(Your goal) The material below contains a line with "Phía bên kia" and a line with "Figure 3 shows". Copy exactly those two lines and all lines between them.

(Input material)
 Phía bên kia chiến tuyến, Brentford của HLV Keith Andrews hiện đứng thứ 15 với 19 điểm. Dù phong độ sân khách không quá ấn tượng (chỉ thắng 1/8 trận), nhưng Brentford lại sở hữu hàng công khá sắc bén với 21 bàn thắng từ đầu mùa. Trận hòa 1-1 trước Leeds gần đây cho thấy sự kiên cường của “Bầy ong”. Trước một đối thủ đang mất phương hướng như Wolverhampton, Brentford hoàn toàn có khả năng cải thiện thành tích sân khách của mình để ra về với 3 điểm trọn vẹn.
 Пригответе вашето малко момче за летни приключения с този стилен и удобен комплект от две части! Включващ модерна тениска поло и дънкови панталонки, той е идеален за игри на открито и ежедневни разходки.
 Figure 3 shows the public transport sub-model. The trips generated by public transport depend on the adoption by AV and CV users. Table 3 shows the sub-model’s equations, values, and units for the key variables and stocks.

--

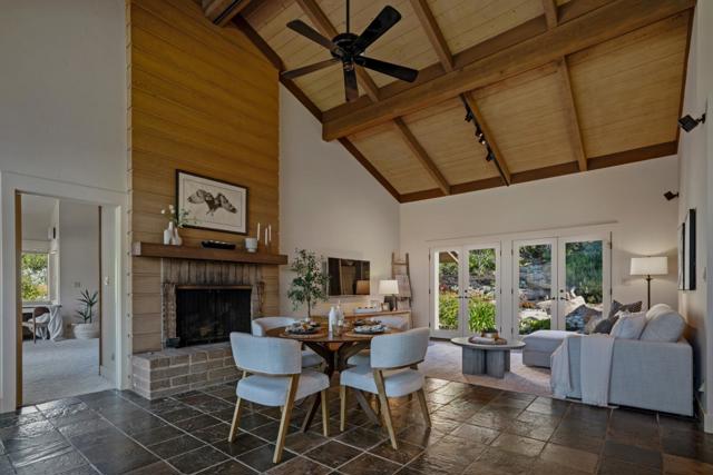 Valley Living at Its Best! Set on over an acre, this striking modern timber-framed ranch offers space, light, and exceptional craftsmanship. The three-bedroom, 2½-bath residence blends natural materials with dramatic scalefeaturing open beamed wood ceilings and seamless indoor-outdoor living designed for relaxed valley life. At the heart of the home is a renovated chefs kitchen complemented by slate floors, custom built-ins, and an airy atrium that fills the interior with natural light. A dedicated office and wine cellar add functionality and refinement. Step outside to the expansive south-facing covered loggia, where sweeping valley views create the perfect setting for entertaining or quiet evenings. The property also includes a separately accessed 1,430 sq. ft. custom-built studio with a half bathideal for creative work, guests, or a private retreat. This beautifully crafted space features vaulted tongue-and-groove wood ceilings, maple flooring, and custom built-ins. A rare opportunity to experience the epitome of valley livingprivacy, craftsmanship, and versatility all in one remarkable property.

(Expected answer)
 Phía bên kia chiến tuyến, Brentford của HLV Keith Andrews hiện đứng thứ 15 với 19 điểm. Dù phong độ sân khách không quá ấn tượng (chỉ thắng 1/8 trận), nhưng Brentford lại sở hữu hàng công khá sắc bén với 21 bàn thắng từ đầu mùa. Trận hòa 1-1 trước Leeds gần đây cho thấy sự kiên cường của “Bầy ong”. Trước một đối thủ đang mất phương hướng như Wolverhampton, Brentford hoàn toàn có khả năng cải thiện thành tích sân khách của mình để ra về với 3 điểm trọn vẹn.
 Пригответе вашето малко момче за летни приключения с този стилен и удобен комплект от две части! Включващ модерна тениска поло и дънкови панталонки, той е идеален за игри на открито и ежедневни разходки.
 Figure 3 shows the public transport sub-model. The trips generated by public transport depend on the adoption by AV and CV users. Table 3 shows the sub-model’s equations, values, and units for the key variables and stocks.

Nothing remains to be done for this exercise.